COMPACT DATA STRUCTURES FOR PIPELINED MESSAGE FORWARDING
LOOKUPS
Background of the Invention
1. Field of the Invention
This invention relates to compact data structures, such as for example those used for message forwarding.
2. Related Art
In forwarding messages in a computer network, it is desirable to match lookup search keys (including header information from packets in which those messages are embodied) with routing information indicating how to process those packets and message. It is particularly desirable that the matching operation be performed as rapidly as possible. This has led to a desire for data structures for storing and retrieving information regarding those lookup search keys, so that data elements associated with those lookup search keys can be rapidly stored and retrieved.
In known methods for storage and retrieval of information regarding lookup search keys, the data structures used are relatively large. Thus, the data structures are often stored in a relatively slow and expensive memory (such as an off- chip memory for a routing circuit integrated onto a single chip), thus slowing each access to the data structures themselves, and providing a limit to accesses due to the nature of the off-chip memory.
Accordingly it would be desirable to have a technique for storing and retrieving information associated with lookup search keys that is simultaneously relatively fast and inexpensive, while allowing for relatively large amounts of data,
and is not subject to the drawbacks of the known art. The following features would be advantageous:
• It would be advantageous if that technique has all of the features of including a relatively compact data structure, one that is easy to read from (that is, to perform lookup operations), and easy to write to (that is, to perform update operations).

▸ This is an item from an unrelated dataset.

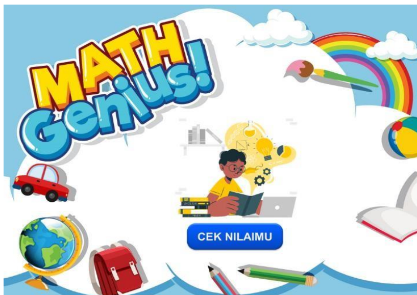
Gambar 5. Tampilan Soal Lainnya.

Nilai akan muncul berdasarkan poin yang telah diperoleh dalam game tersebut mulai dari 10 s/d 100.

• It would be advantageous if that technique were not specific to any particular application, any particular format or size of lookup search keys and associated data.
• It would be advantageous if that technique were able to include multiple matching data elements for any selected lookup search key, where those multiple matching data elements can be ordered with regard to their priority.
This is particularly advantageous with regard to the "longest prefix match" problem, as further described in the incorporated disclosure (described below).
• It would be advantageous if that technique were well adapted to pipelined operation, such as further described in the incorporated disclosure.
These advantages and others are provided in an embodiment of the invention, described herein, including a hybrid trie data structure in which distinct types of nodes (such as a search node or a branch/search node, as described below) are substituted for sub-tries in response to a number of prefixes in those sub-tries.
Summary of the Invention
The invention provides a method and system for lookup (such as for example, lookup of message header information) that records information in a
relatively large database in a relatively compact structure, while still providing for relatively rapid lookup and update.
In a first aspect of the invention, a relatively large but compact database includes a hybrid tree (or hybrid trie) structure, whereby information in denser portions of the database can be stored and retrieved from an identifiable leaf in the hybrid trie. The hybrid trie includes at least one leaf-search node marked to include a different data structure, whereby information in sparser portions of the database can be stored and retrieved from a more densely packed table. In a preferred embodiment, each hybrid trie node is marked as one of: a branch node, a leaf-search node, or a branch-search node; each search node includes information for a sparser portion of the hybrid trie, packed into a structure capable of linear search in response to a set of packet header information (such as a destination IP address).
In a second aspect of the invention, the hybrid trie is recorded in a sequence of SRAM memories, disposed so that each stride of the hybrid trie includes a lookup within a single memory, whereby a corresponding sequence of lookup requests can be processed in a pipelined manner with all the memories performing concurrent lookups, whereby complete lookups can be performed at a rate substantially equal to their arrival rate (even though each lookup takes a sequence of memory references to complete). Each branch node and each leaf node is recorded in a single memory. Each search node can be striped across a plurality of memories, whereby search of a search node can be distributed across those memories, and completion of lookups involving a search node operates within the pipeline paradigm of completion of lookups involving only reference to branch nodes and leaf nodes.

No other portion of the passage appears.